/*
 * Copyright 2018 WebAssembly Community Group participants
 *
 * Licensed under the Apache License, Version 2.0 (the "License");
 * you may not use this file except in compliance with the License.
 * You may obtain a copy of the License at
 *
 *     http://www.apache.org/licenses/LICENSE-2.0
 *
 * Unless required by applicable law or agreed to in writing, software
 * distributed under the License is distributed on an "AS IS" BASIS,
 * WITHOUT WARRANTIES OR CONDITIONS OF ANY KIND, either express or implied.
 * See the License for the specific language governing permissions and
 * limitations under the License.
 */

#ifndef wasm_stack_h
#define wasm_stack_h

#include "ir/branch-utils.h"
#include "ir/properties.h"
#include "pass.h"
#include "wasm-binary.h"
#include "wasm-traversal.h"
#include "wasm.h"

namespace wasm {

// Stack IR: an IR that represents code at the wasm binary format level,
// that is, a stack machine. Binaryen IR is *almost* identical to this,
// but as documented in README.md, there are a few differences, intended
// to make Binaryen IR fast and flexible for maximal optimization. Stack
// IR, on the other hand, is designed to optimize a few final things that
// can only really be done when modeling the stack machine format precisely.

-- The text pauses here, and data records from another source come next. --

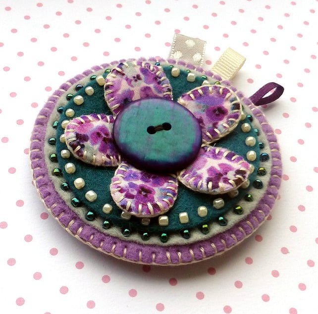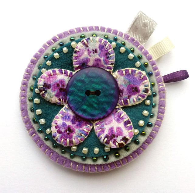 This is a lovely hand stitched flower brooch in shades of purple and teal, great colours for Autumn and Winter!
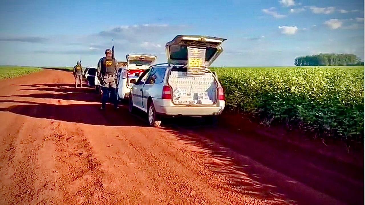 Policiais do DOF (Departamento de Operações de Fronteira) apreenderam nesta quarta-feira (8/1), em Maracaju, três veículos carregados com aproximadamente 3.400 pacotes de cigarros contrabandeados do Paraguai. Na ação, quatro homens, de 20, 22, 30 e 50 anos, foram presos.
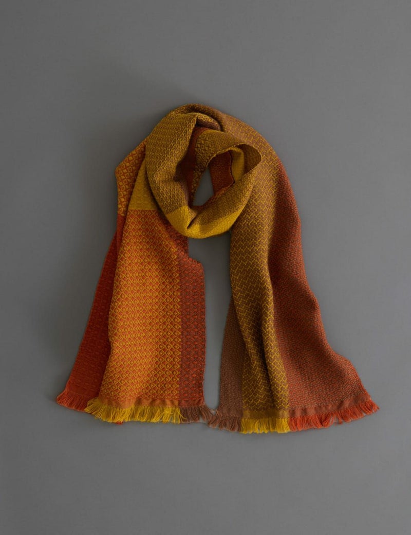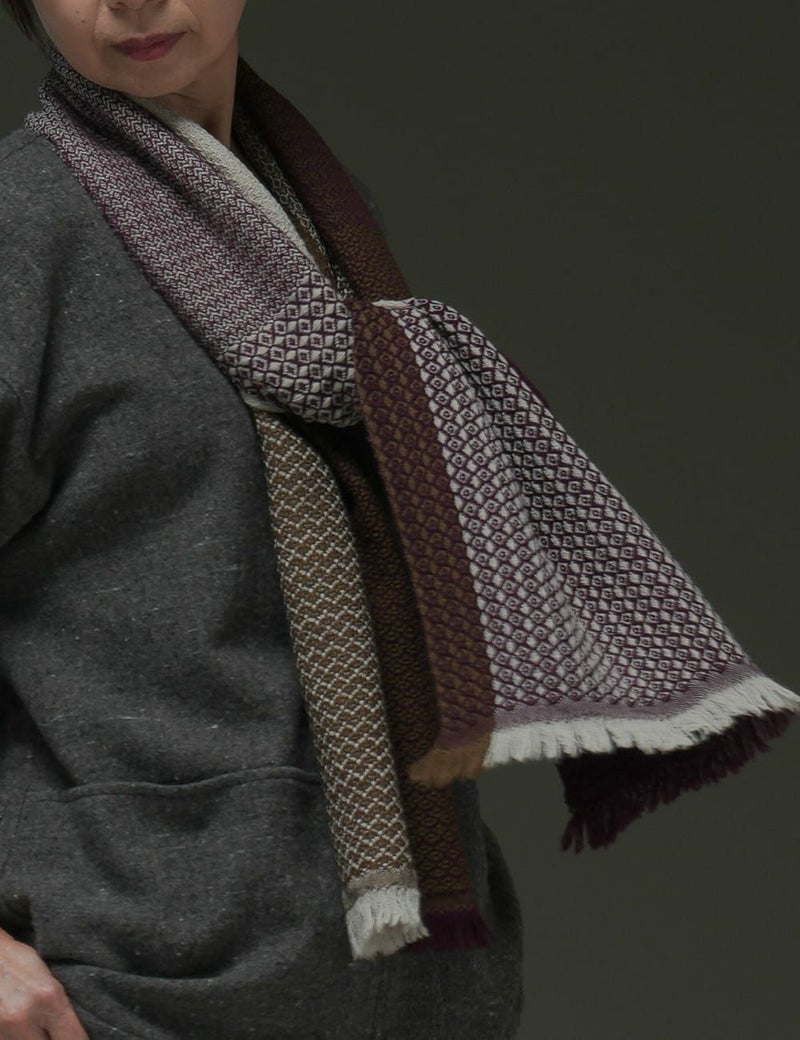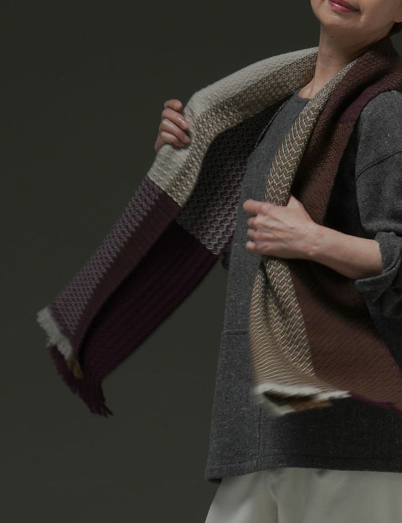 愛媛の工房織座さんと一緒にこだわりを形にした変わり織ストール。2種のウールを配合したふんわり軽い糸を、旧式シャトル織機でゆっくり、糸の風合いを生かしながら織り上げました。3種の織柄と配色の妙で、さらりとまとうだけで上質感は一目瞭然。
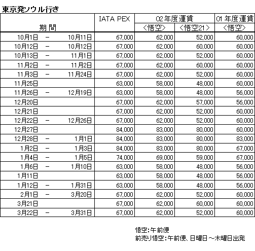 添付資料 1:運賃例−東京発 ソウル・ホノルル・グアム・ロサンゼルス・ニューヨーク・ロンドン行きの各悟空運賃 2:<スペシャル悟空>運賃の概要 3:日本発韓国行きJASスーパーペックス・JASスーパーペックス21運賃表
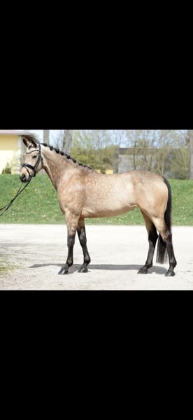 ✨ German Riding Pony in a stunning buckskin color – Mare, 7 years old ✨ A real eye-catcher with an excellent character! With a heavy heart, we are offering our exceptionally beautiful buckskin riding pony mare (7 years old). She impresses not only with her rare color but especially with her fantastic temperament and outstanding riding qualities. 💛 Character & Handling Absolutely lovable and very human-oriented Exemplary in the farrier’s presence Very well-behaved in the terrain – comfortable even for less confident riders Always friendly, honest, and pleasant in daily interactions 🐎 Riding & Training Sensitive and easy to ride, highly responsive to aids, eager to learn Powerful gait with excellent movement – a pony that’s a joy to watch Ideally suited for pony classes, the large arena, or even FEI competitions Lovingly and consistently trained with us Now ready to continue her journey with a new loving owner 🏡 Desired Home: We are looking for a 5-star home where she will be loved, supported, and appreciated. 📞 Contact & Viewing For further information or to arrange a viewing, please contact us by phone – strictly from serious inquiries only. 💶 Note Due to high re-ride tourism and increasingly frequent hesitation tactics, we charge a fee of €30 for trial rides. This helps to avoid unnecessary viewings and ensures that only genuinely interested buyers come. The pony is listed here again because the supposed buyers were definitely interested in purchasing, but until today, they have come up with new excuses...
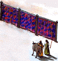 Ex 27:16 "E à porta do pátio haverá uma cortina de vinte côvados, de azul, e púrpura, e carmesim, e de linho fino torcido, de obra de bordador." Não havia querubins representados nesta cortina ao ar livre. Os querubins só eram vistos dentro do Santo Lugar. Esta cortina com a sua mistura de branco, azul, purpúra e carmesim era idêntica àquela na entrada para o tabernáculo, mas era diferente da cerca de linho branco que formava o átrio. Pense na beleza que o Israelita veria quando ele se aproximava do portão do Tabernáculo. Os raios luminosos do sol estariam resplandecendo nas quatro cores do portão. Este era o único meio pelo qual os homens e mulheres poderiam se achegar a Deus. Era a única entrada em todo o tabernáculo. Não havia nenhum outro meio. Seja um sacerdote que fosse ministrar, ou um pecador arrependido buscando perdão, teria que entrar por aquele portão, o que aponta para Jesus, que é a Porta, o único sustentador e confirmador da nossa fé. Ninguém poderia entrar por qualquer outro lugar a não ser por este portão. Qualquer Israelita que se aproximava do Tabernáculo trazendo o seu sacrifício e desejando a expiação, sabia que não havia nenhuma maneira de alcançar o altar de bronze, a não ser pelo portão no lado oriental. Nm 2:3 "Os que armarem as suas tendas do lado do oriente, para o nascente, serão os da bandeira do exército de Judá, segundo os seus esquadrões." O Portão estava sempre aberto, nunca impedido, sem restrição para aquele que queria adorar a Deus, mas a pessoa tinha que fazer uma decisão pessoal e entrar se quisesse receber de Deus.
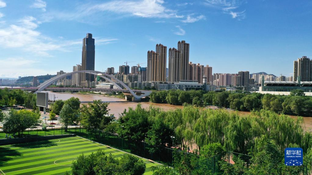 這是在甘肅省蘭州市拍攝的黃河兩岸城市風光(9月5日攝,無人機照片)。新華社記者陳斌攝
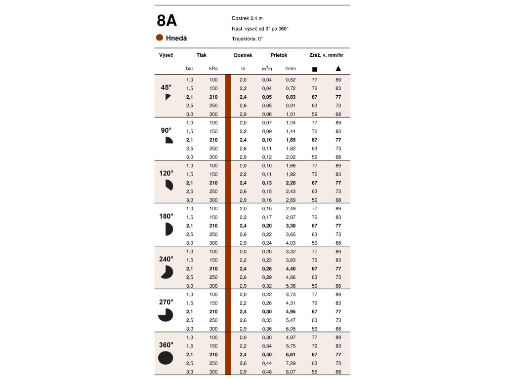 Tryska Pro-A 8A – 2,4 m, 0–360°, hnedá
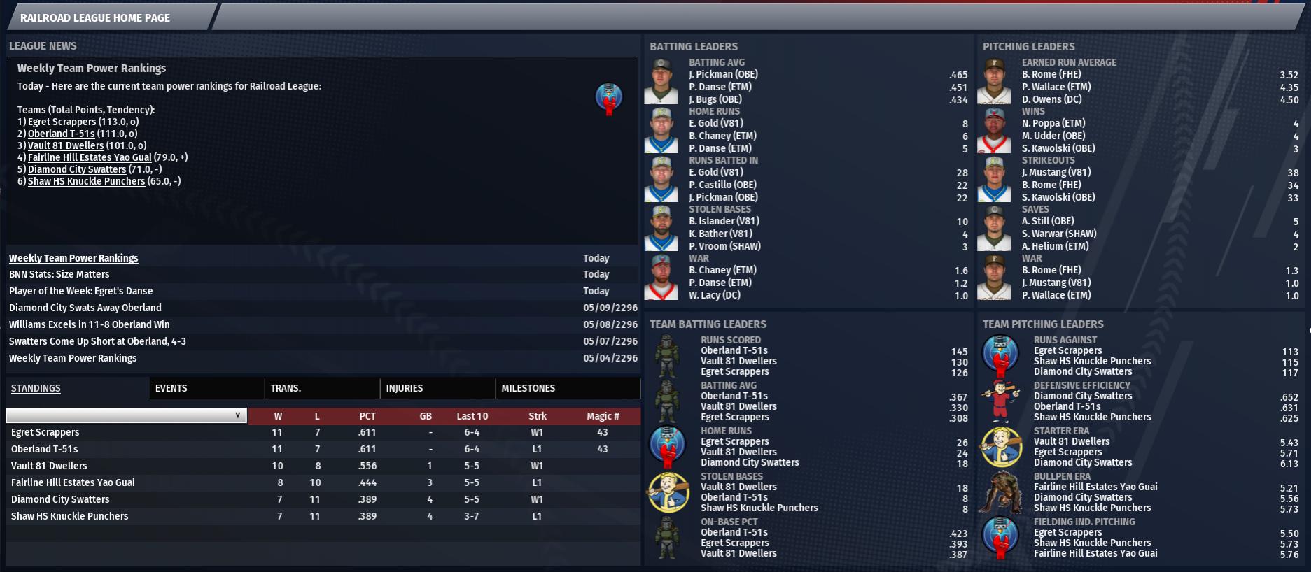 WRVR – Diamond City (6-9) AT Oberland T-51s (9-6) KNOW THE STARS DC: SP X10-44 Mannson – Staff ace Mannson is an eligible synth in the league because he agreed to the Human Aging Serum Management Assistance Technology (HASMAT) program. He was drafted in the second round, 32nd overall. Though his numbers do not look spectacular (2-3, 5.94 ERA) for a traditional baseball league, he has been a solid pitcher in the Railroad League. He is the leader of the second-best starting pitching rotation (6.16 ERA) in the RL. OBE: 1B Curtis Slingshot – For a team dominant on the offensive side of the ball, Slingshot has stood out as the most dominant. He is third on his own team in batting average (.436), but leads the team in home runs (5, tied for 2nd in RL) and RBI (21, 2nd in RL). The 10th round, 231st overall, pick of the T-51s has been a steal early in the season. He has been criticized for being selfish, but he has most certainly helped his team win. PLAYER VS PLAYER – GAME ONE LINEUPS AND STARTING PITCHERS TEAM ANALYSIS Diamond City is currently in a three-way tie for fourth (last) place in the RL. The Swatters got off to a slow start, including being swept in Week 2 by the Vault 81 Dwellers to put them at a 2-6 hole early, but they have been slowly improving since then, going 4-3 since that point. Still, they will need to get better quickly to have ac chance against Oberland. The part where the Swatters must show improvement the most is in its offense. They are last or nearly last in almost every category except home runs (13, tied for 3rd). They are 4th in runs scored (90), but last in batting average (.289), on-base percentage (.361), and have only one stolen base this season. Pitching is the only reason they are 6-9 right now. The T-51s have been steady, winning three of the first five series, including a sweep of Vault 81 two weeks ago. The series loss at Egret last weekend dropped the T-51s a game behind the Scrappers, but they are in a great early-season position to be a playoff contender. Every part of the T-51s’ success has been about its offense. They are first in the RL in runs scored (126), batting average (.378), on-base percentage (.434), and Batting WAR (3.7). They are also tied for 3rd with Diamond City for home runs (13). The entire starting line up is hitting at least .300, with 3B Jeremy Bugs leading the team (.469) and 2B Jonathan Abern taking up the rear (.302) despite his 16 RBI in 15 games. This team can hit! PREDICTIONS T-51s 8, Swatters 6 T-51s 13, Swatters 7 T-51s 16, Swatters 5 CBO Full Schedule
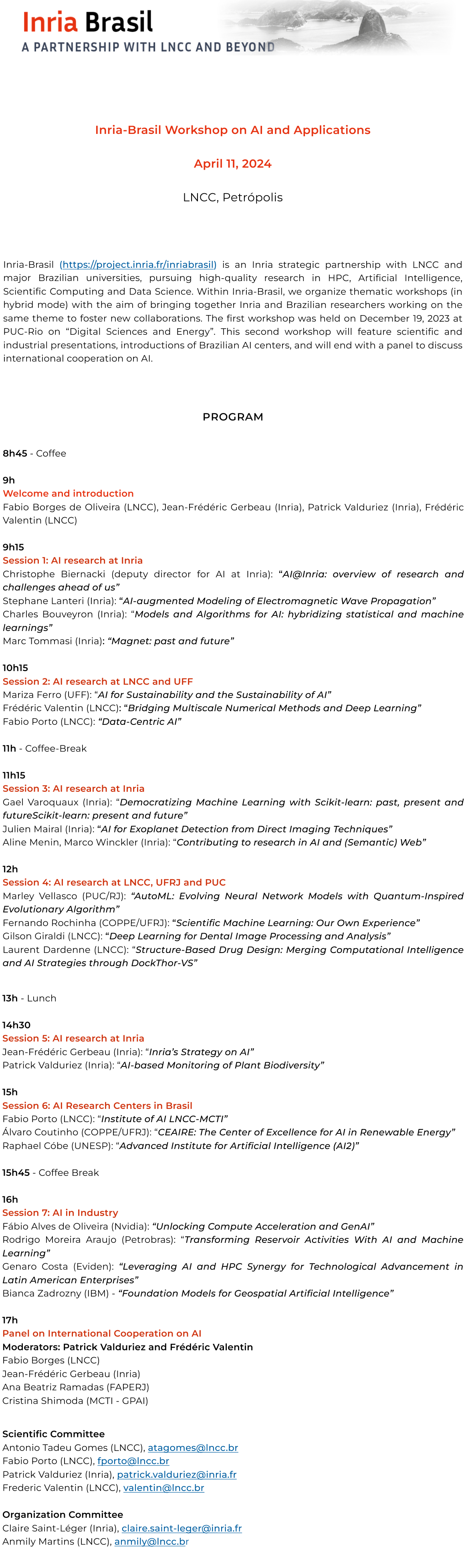 O programa estratégico Inria-Brasil (https://project.inria.fr/inriabrasil), é uma parceria do INRIA com o LNCC e as principais universidades brasileiras com o objetivo de realizar pesquisas de alta qualidade em HPC, Inteligência Artificial, Computação Científica e Ciência de Dados.
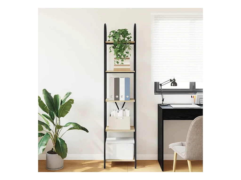 Bibliothèque 4 niveaux chêne fumé 40x30x120cm bois d'ingénierie
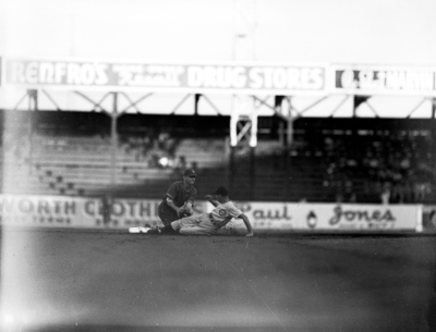 The Fort Worth Cats are facing the Beaumont Exporters "Shippers" at LaGrave Field. Action shot of an unidentified player sliding home.
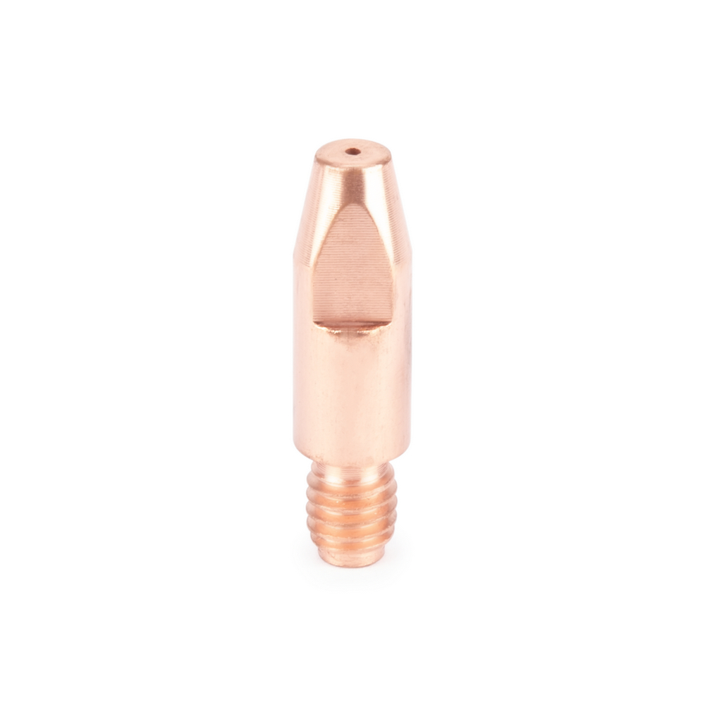 Сплав с повышенной износостойкостью - медь, хром, цирконий Расходная часть для горелок MIG-24/25/36. Аналог TRAFIMET MD0009-78, BINZEL 140.0054. Для стальной проволоки. Размер - М6. Диаметр проволоки - 0,8 мм.
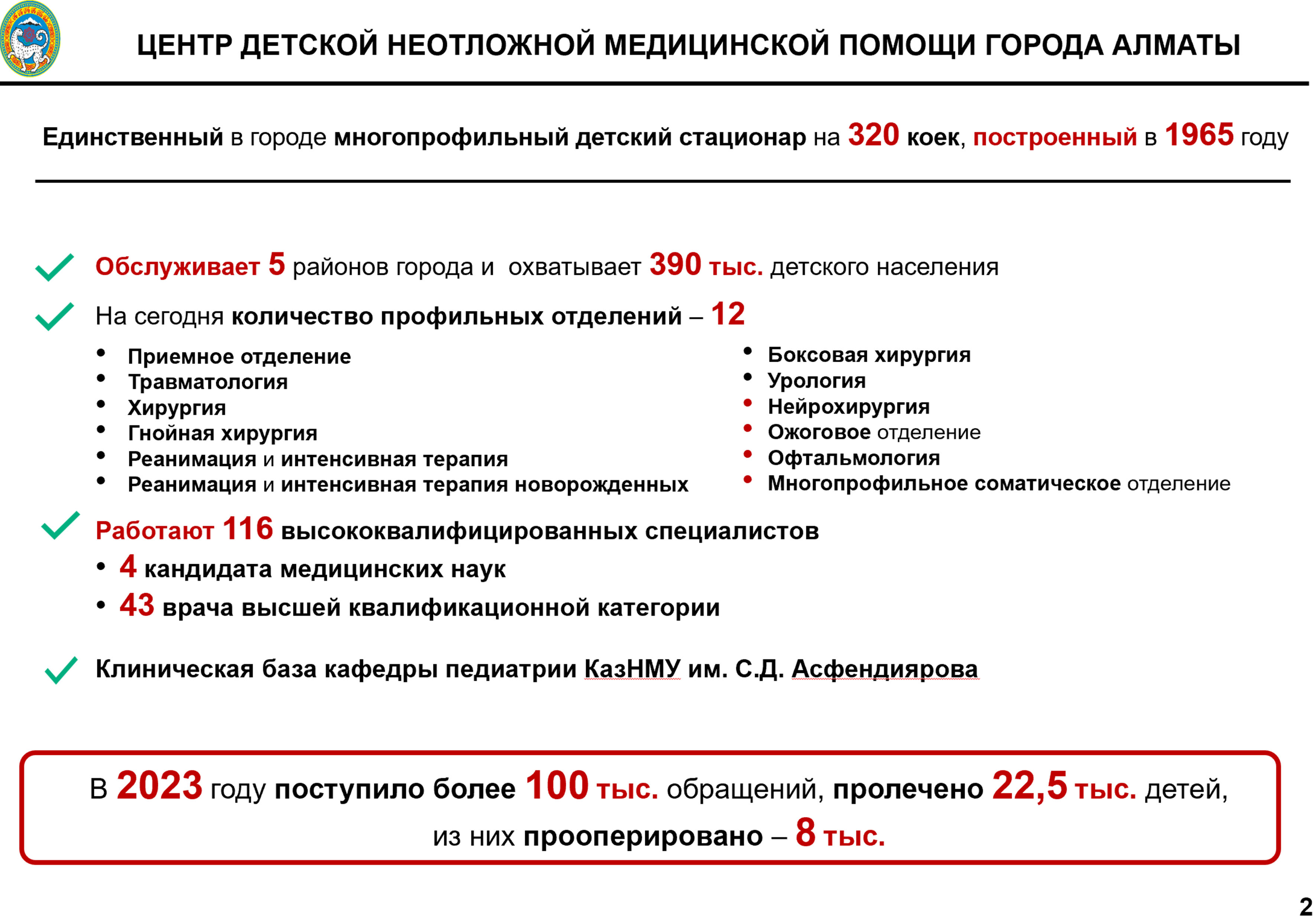 Заместитель акима города Алматы Асем Нусупова рассказала Президенту, что данный детский стационар, построенный в 1965 году, является клинической базой кафедры педиатрии Казахского национального медицинского университета имени С.Д. Асфендиярова. Здесь получают лечение дети не только из Алматы, но и из всех регионов Казахстана. Больница является единственным центром по хирургической коррекции таких врожденных пороков развития, как атрезия пищевода, диафрагмальная грыжа, рахишизис, гастрошизис и другие.
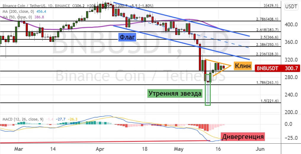 Котировки BNB продолжают консолидироваться в районе уровня $300, а их движение приобретает вид модели теханализа «Клин» (обозначена на графике ниже оранжевым цветом).
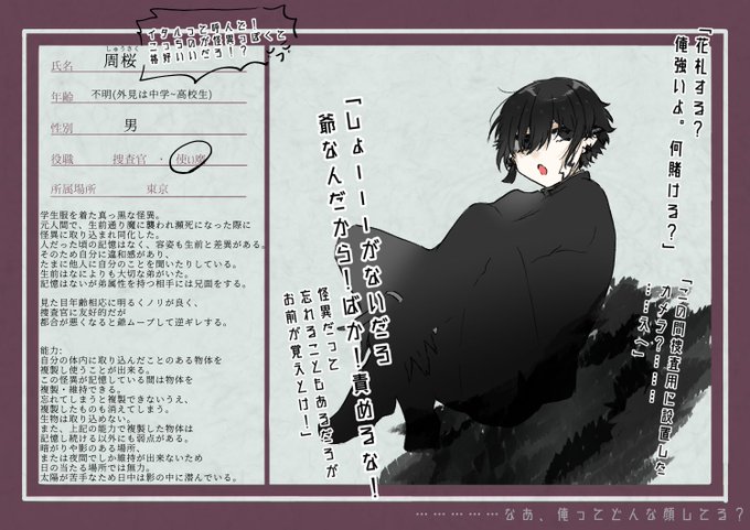 @mimizuku_TL ※修正したので再掲 こちら【@mimizuku_TL 】の素敵な企画に失礼します お茶目でノリがいい、お兄ちゃん怪異です ご縁がありましたら遊んでいただけると嬉しいです!よろしくお願いします☺️ 不備等ございましたら教えていただきたいです🙏🙏 #木菟_CS #木菟_使い魔 #木菟_東京
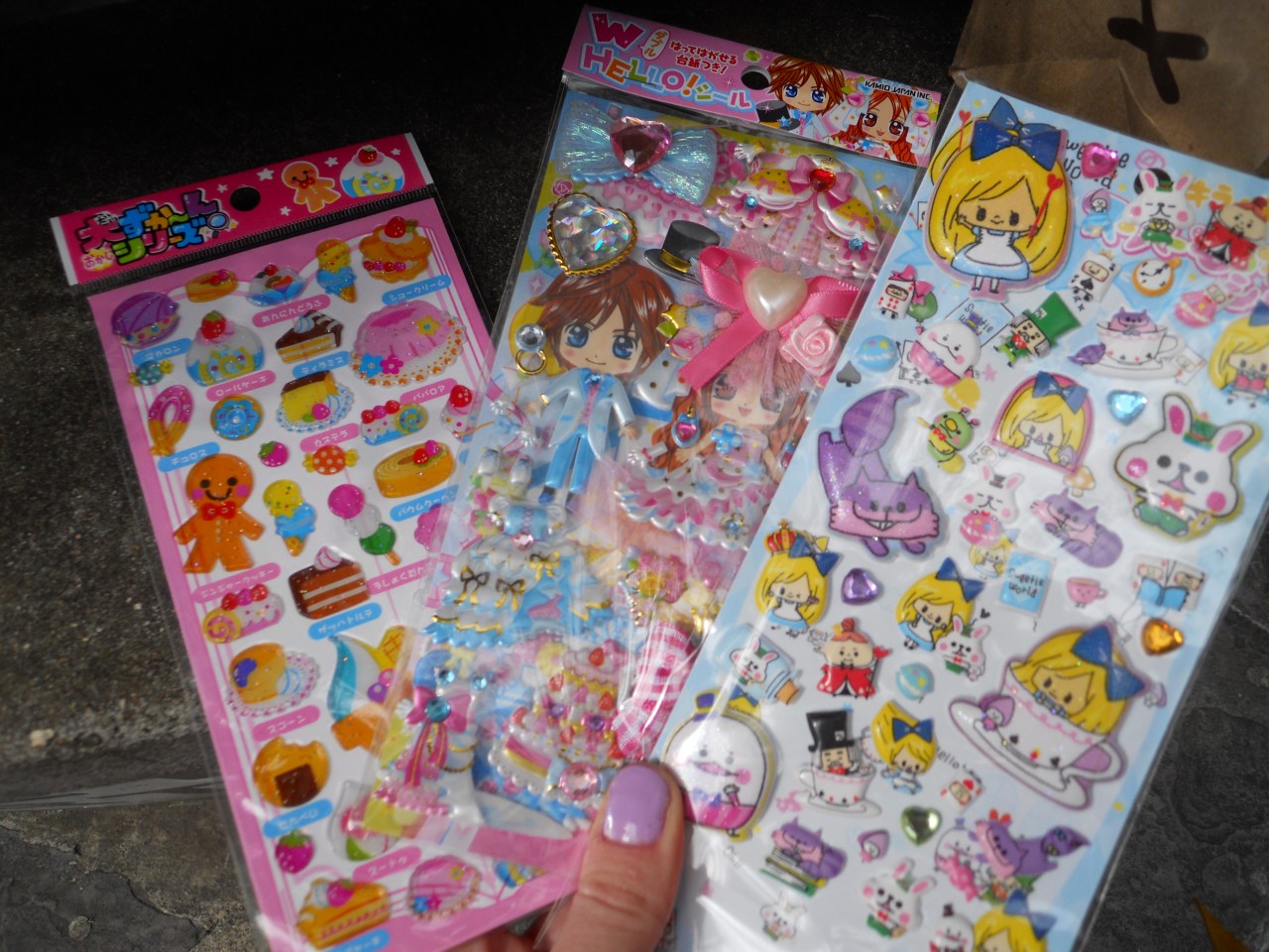 Then, on a recent trip to Artbox in Covent Garden I picked up some amazing stickers that were perfect for this project. I hauled the stickers in an OOTD post on the day, so you can see them there by clicking here. I chose one set with really 3D stickers in heart shapes and with lots of bows going on, one Alice in Wonderland themed set for a bit of fun, and finally cutesy food stickers in the shape of different desserts.
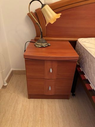 Centro de noche de madera con un diseño elegante y curvo. Incluye dos mesitas de noche a juego con dos cajones cada una y dos lámparas. - Acabado en madera de cerezo. - Mesitas de noche con tiradores metálicos. - Lámparas con pantalla de tela.

// Currently the benefits of Stack IR are minor, less than 1% reduction in
// code size. For that reason it is just a secondary IR, run optionally
// after the main IR has been optimized. However, if we improve Stack IR
// optimizations to a point where they have a significant impact, it's
// possible that could motivate investigating replacing the main IR with Stack
// IR (so that we have just a single IR).

// A StackIR instance (see wasm.h) contains a linear sequence of
// stack instructions. This representation is very simple: just a single vector
// of all instructions, in order.
//  * nullptr is allowed in the vector, representing something to skip.
//    This is useful as a common thing optimizations do is remove instructions,
//    so this way we can do so without compacting the vector all the time.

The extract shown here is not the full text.